“Die Essenz des Blue-Note-Katalogs auf zwei CDs bündeln zu wollen, ist eine verrückte und höchst subjektive Aufgabe – in etwa so, als würde man versuchen, alle Gemälde des Louvre auf eine Briefmarke zu drucken”, schreibt Don Was in seinem Vorwort zur Compilation “Blue Spirits: 85 Years Of Blue Note Records”. “Auch wenn wahrscheinlich so ziemlich jeder in meiner Auswahl die eine oder andere Aufnahme schmerzlich vermissen wird, gibt es doch eine Sache, über die wir uns alle sicher einig sein können: Im Laufe der Jahre haben etliche der brillantesten Musikerinnen und Musiker aller Zeiten bei Blue Note Records veröffentlicht. Die Schönheit und Bedeutung ihrer Musik kann einfach nicht geleugnet werden.”
Das Projekt “Blue Spirits” war ursprünglich nur für Universal Music Japan geplant, wird jetzt aber erfreulicherweise weltweit veröffentlicht, inklusive des ansonsten nur von japanischen Importen bekannten sogenannten „Obi-Strip“. Auf Japanisch bedeutet Obi in etwa “Gürtel” oder “Schärpe”. Bei Schallplatten und CDs werden in Japan auf den Obis alle Informationen untergebracht, die nicht auf dem Produkt selbst zu finden sind, z.B. Logos, Verkaufsargumente, Textübersetzungen, Katalognummern, Barcodes und ähnliches. Für Sammler japanischer Tonträger ist der Obi-Streifen fester Bestandteil des Produktes, fehlt er, sinkt der Sammlerwert deutlich.

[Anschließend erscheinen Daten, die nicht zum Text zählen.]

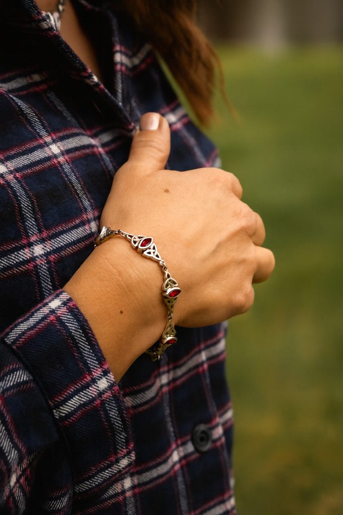 Eire, a fine silver bracelet adorned with garnets, is a tribute to the rich Celtic culture. This piece of jewelry features the iconic Trinity knot or Triquetra, a symbol of unity and eternal spiritual life. It represents the harmonious interplay of mind, body, and spirit, and the cyclical nature of life - birth, death, and rebirth. The Triquetra also pays homage to the three elements of nature - water, earth, and air, that are deeply rooted in Celtic beliefs. This bracelet is not just an accessory, it's a piece of history wrapped around your wrist.

Aber natürlich soll es bei “Blue Spirits” nicht vornehmlich um den Obi, sondern um die von Don Was kompetent ausgewählten 24 Blue-Note-Tracks gehen. Seit 2012 ist Was, der als Musiker und Produzent selbst auf mehr als ein halbes Jahrhundert Erfahrung zurückblicken kann, bei Blue Note am Ruder. Schon als Teenager war er ein glühender Fan des Labels, das er heute mit viel Enthusiasmus und kreativer Ader erfolgreich leitet. Ihm ist es gelungen, den beiden CDs einen überzeugenden Flow zu geben. Die erste füllte er mit Aufnahmen von historischen Größen wie Thelonious Monk, Miles Davis, John Coltrane, Art Blakey & The Jazz Messengers, Wayne Shorter und Ornette Coleman, die zweite mit Einspielungen zeitgenössischer Künstler/innen wie Robert Glasper, Meshell Ndegeocello, Gregory Porter, Norah Jones, Cassandra Wilson, Charles Lloyd, Bill Frisell und Nduduzo Makhathini. Dass sich Don Was bei seiner persönlichen Auswahl einige überraschende Freiheiten herausgenommen hat, ist selbstredend. Schließlich konnte es ihm auch nur so glücken, den freien Geist von 85 Jahren Blue Note einzufangen.